Malware Detection with Machine Learning
Listing below are 2 researches I've conducted on computer malware detaction. Each research addresses a different topic in the field of malware study with Machine Learning.
Zero-day Detection: Classification Experiments on Malware with Small Sample Size
”Zero-day”, in computer security, refer to the situation when the computer system has no knowledge on a possible incoming attack. The ”zero” here is indicating that no previous warning or flag has risen for a security system to prepare. This paper conduct experiments on ”Zero-day” malware classification. The ”security system” here is a Deep Neural Network model that has been trained on detect 3 different types of malware - Zbot, Winwebsec and Zeroaccess.
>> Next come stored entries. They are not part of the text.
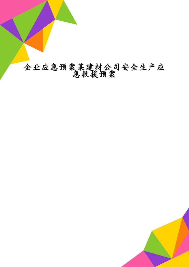 不久前,最新文档《企业应急预案某建材公司安全生产应急救援预案》全文正式在本站发布,感兴趣的用户可以下载阅读。 声明:本站所有文章,如无特殊说明或标注,均为本站原创发布。任何个人或组织,在未征得本站同意时,禁止复制、盗用、采集、发布本站内容到任何网站、书籍等各类媒体平台。如若本站内容侵犯了原著者的合法权益,可联系我们进行处理。
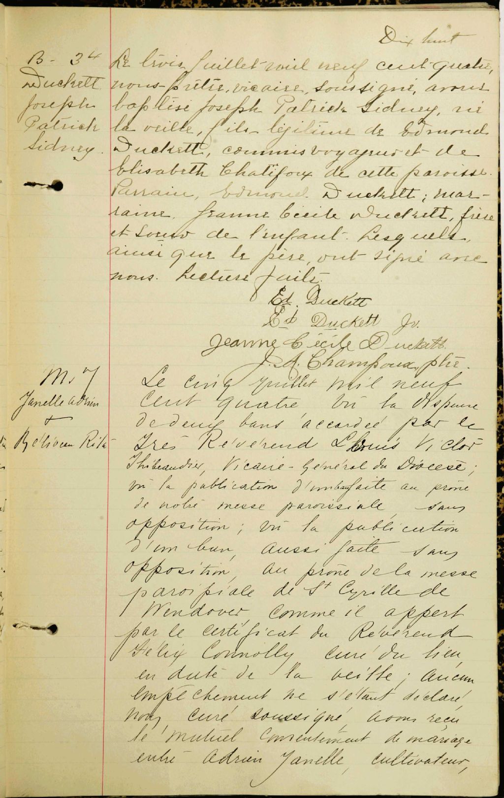 - Cette série regroupe les registres originaux de l'état civil, lesquels contiennent les enregistrements de baptêmes, de mariages et de sépultures consignés par le curé ou son représentant au cours de la période concernée par les documents.Outre les renseignements à caractère généalogique que nous pouvons y puiser, cette série peut constituer une source documentaire importante pour toute étude-statistique ou comparative sur les conditions de vie à différentes époques (mortalité infantile, espérance de vie) ou pour toute recherche portant sur l'occupation des terres (lieu de résidence), sur le mode de vie (métiers et professions, statut et âge des époux), sur les classes sociales (titres des parties impliquées, témoins/amis/parents présents lors d'un mariage), sur des évènements spéciaux (quelques mentions dans les sépultures) et sur des sujets à incidence médicale tels les maladies héréditaires (cause du décès)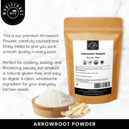 Discover the purity and versatility of our Premium Natural Arrowroot Powder, a finely milled, non-GMO starch ideal for everyday cooking and baking. Known for its smooth, neutral flavour and excellent thickening properties, arrowroot is a staple ingredient in both home kitchens and professional settings.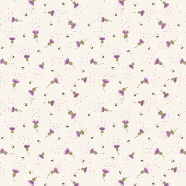 A988A Bee Thistle on Cream, A Celtic Summer by Lewis & Irene features a beautiful bee and thistle motif on a cream background.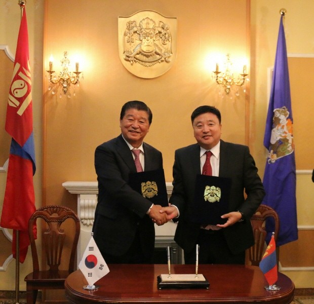 | ▲지난 14일 몽골 울란바타르시청에서 이석우 남양주시장(왼쪽)과 손도이 바트볼드 울란바타르 시장이 '남양주 다산 숲' 양해각서를 체결하고 기념촬영을 하고 있다. <사진제공=남양주시청> |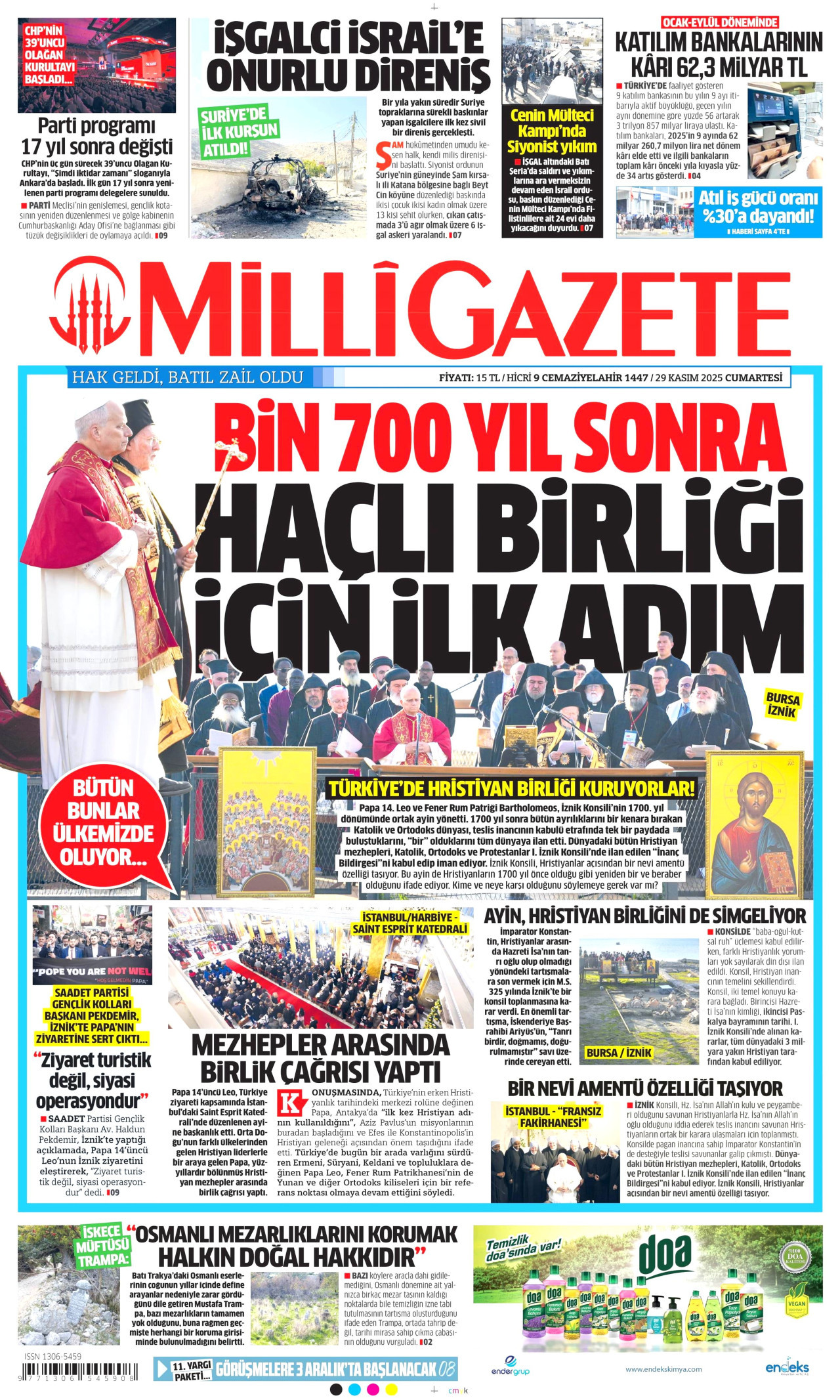 MİLLİ GAZETE Gazetesi 29 Kasım 2025, Cumartesi Günü Manşeti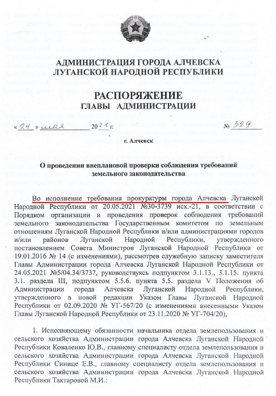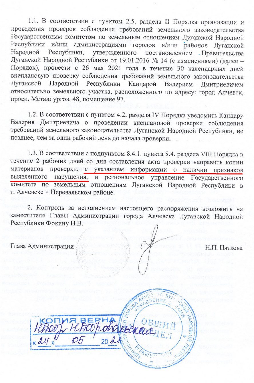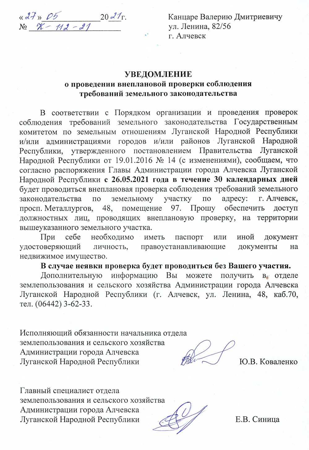 п.22 27.05.2021г. Т.н. ассимитричное реагирование властей на грабежи и разбой властей, указанный в no.21-30_lnr от 30.04.2021г. (3880) ЗАЯВЛЕНИЕ о возврате «отжатого» новой-старой властью автотранспорта и недвижимости, о компенсации убытков, о возвращении документов (дополнения к уставам предприятий). О снятии ареста/обременения с имущества Канцара В.Д.. О снятии незаконного опечатывания помещения по адресу: г.Алчевск, пр. Металлургов 48 и правомерность взыскания не предъявленных и не согласованных сумм земельного налога за период с 2016 года. Во всяком случае заявление no.21-30_lnr от 30.04.2021г. (3880) проверяющая и.о.начальника отдела землепользования Коваленко Юлиана Вит. не выпускала из рук. Остальные проверяющие начальник отдела градостроительства и архитектуры Ульяницкая Ел. Петровна, Чариков Артем Евгеньевич.

The experiment focus on testing the robustness of the DNN model under small amount of training data. In order to simulate the real-world ”Zero-day” scenario where only a few data is available.
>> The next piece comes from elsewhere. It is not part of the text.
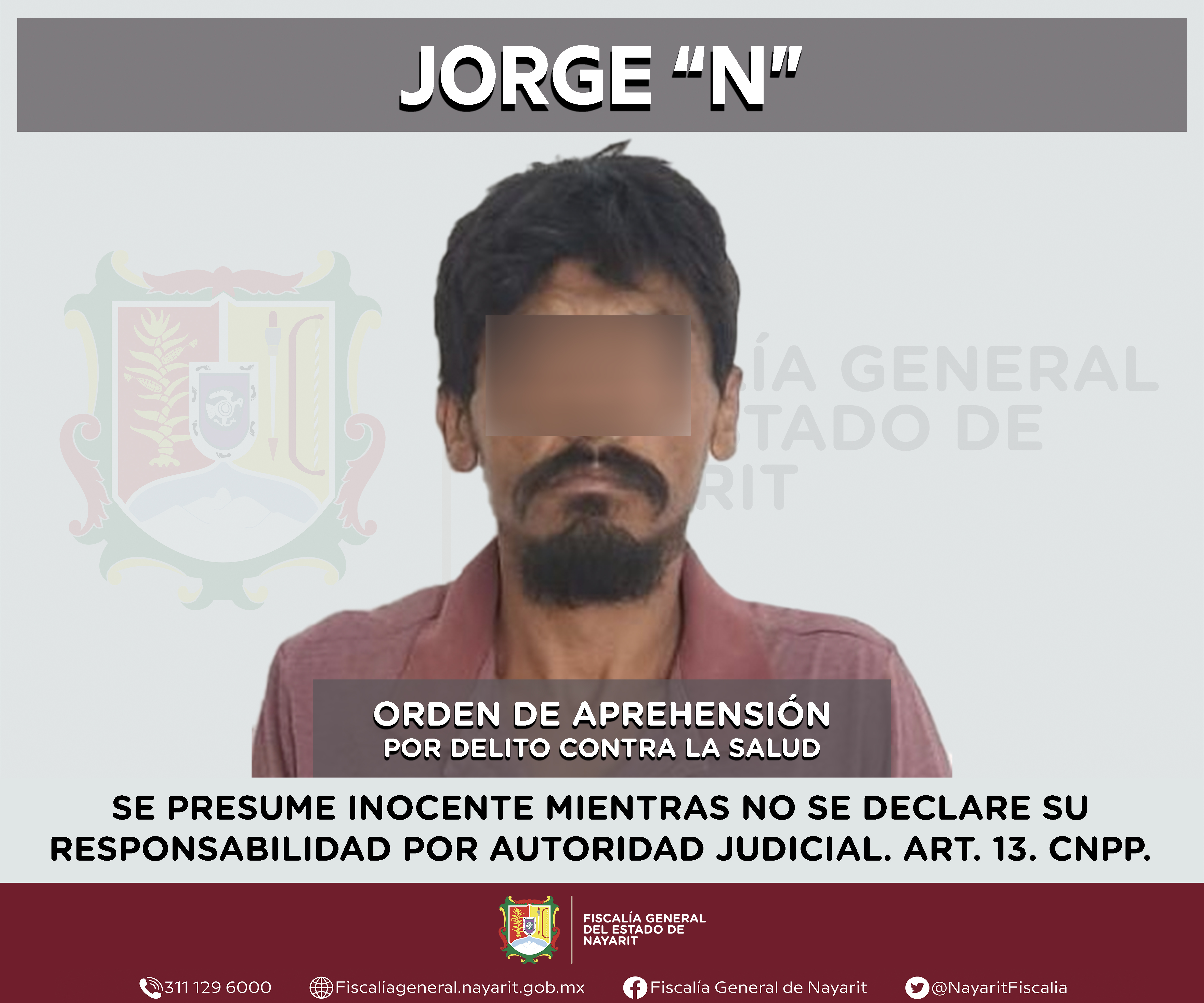 La Fiscalía General del Estado a través de la Agencia de Investigación Criminal cumplimentó una orden de aprehensión en la capital nayarita contra Jorge “N”, por su presunta participación en hechos que bajo apreciación de la ley configuran el ...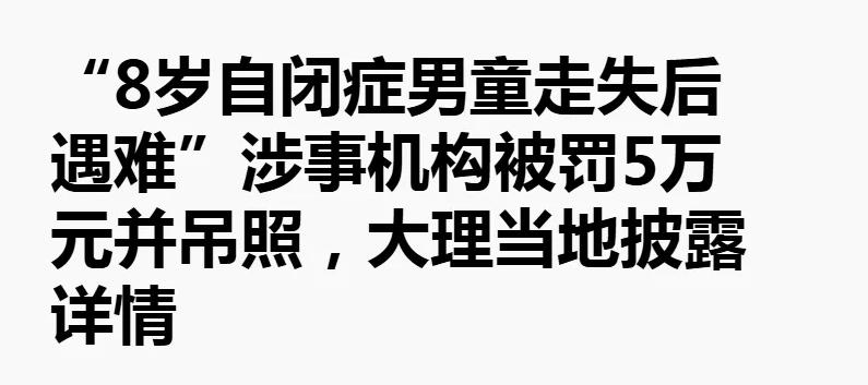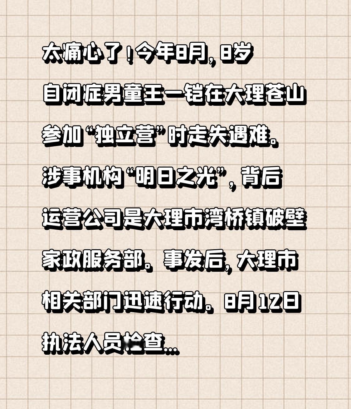 大理“8岁自闭症男童走失后遇难”涉事机构被罚5万元并吊照,当地披露详情→ 2025 年 12 月 15 日,大理市市场监督管理局对 “8 岁自闭症男童走失后遇难” 事件的涉事机构作出了罚款 5 万元并吊销营业执照的行政处罚决定。当地披露的该事件及涉事机构违法违规的核心详情如下: 1️⃣事件核心经过 2025 年 8 月 9 日,8 岁自闭症男童王一铠跟随涉事机构 “明日之光” 组织的团队攀登苍山时走失。事发后当地多部门累计投入大量专业救援力量和志愿者展开搜救,历经 4 天搜寻,于 8 月 13 日 17 时许,在大理镇清碧溪北侧山涧发现王一铠,彼时男童已无生命体征,经现场勘验和综合调查,初步排除刑事案件可能。此前公安机关于 10 月对该案作出撤案决定,认为涉事机构带队路线成熟、其行为与孩子死亡无直接因果关系,且不构成非法经营。 2️⃣涉事机构的违规经营事实 超范围经营且无证提供餐饮: 涉事机构 “明日之光” 背后的运营主体是大理市湾桥镇破壁家政服务部,该个体工商户 2025 年 1 月注册时,核准的经营范围仅为家政服务,却实际面向 4 - 12 岁自闭症儿童开展特殊服务,每月收费达 13000 元。此外,机构聘请专职炊事员为儿童和工作人员提供三餐,但始终未办理《食品经营许可证》,属于未经许可从事餐饮服务的违法行为。不过因食材采购及费用由家委会家长自行负责,相关食品的货值金额及违法所得无法核算。 安全保障与合同签订严重缺位: 机构开展服务时,既未与儿童家长或法定监护人签订服务协议,也未就服务中的人身安全风险作出书面约定和告知说明。其课程包含徒步、爬山等户外活动,却未充分考量自闭症儿童特殊的行为模式与认知特点,未建立对应的风险预防机制和应急处置预案,这也是导致男童走失后不幸离世的关键因素之一,该事件还造成了恶劣的社会影响。 3️⃣涉事机构的现场勘验情况 8 月 12 日执法人员检查发现,涉事机构的经营场所是一栋四层砖混结构民房,内部设有会客厅、3 间看护室、办公室、美术室等设施,共有 28 名工作人员,当时共有 12 名自闭症儿童在该机构接受服务。其既定流程为家长每日 7 点 20 分前送孩子到机构,18 点 40 分(每周一除外)接回孩子。 4️⃣家属后续维权动态 王一铠的家属对公安撤案决定并不认可,其代理律师曾控告涉事机构和四名带教老师涉嫌 “过失致人死亡罪” 和 “非法经营罪”。家属认为,四名带队老师多为苍山本地人,理应知晓山地危险性,应当预见孩子失踪后的死亡风险。目前涉事机构已关门解散,四名带队老师处于失联状态,家属表示会继续通过法律途径追究涉事机构和带队老师的法律责任。

Malware Classification with Ensemble Learning
Ensemble methods are vastly used technique in Machine Learning. In order to obtain the best performing model, common ensemble methods like Bagging, Boosting and Stacking are applied in model selection. In this article, a malware classication model will be discussed. This model is a pipeline that combines HMM and SVM together. Experiments are conducted, including ensemble learning methods for HMM, SVM selection and pick of hyper-parameters, to understand and to analyze this pipeline model.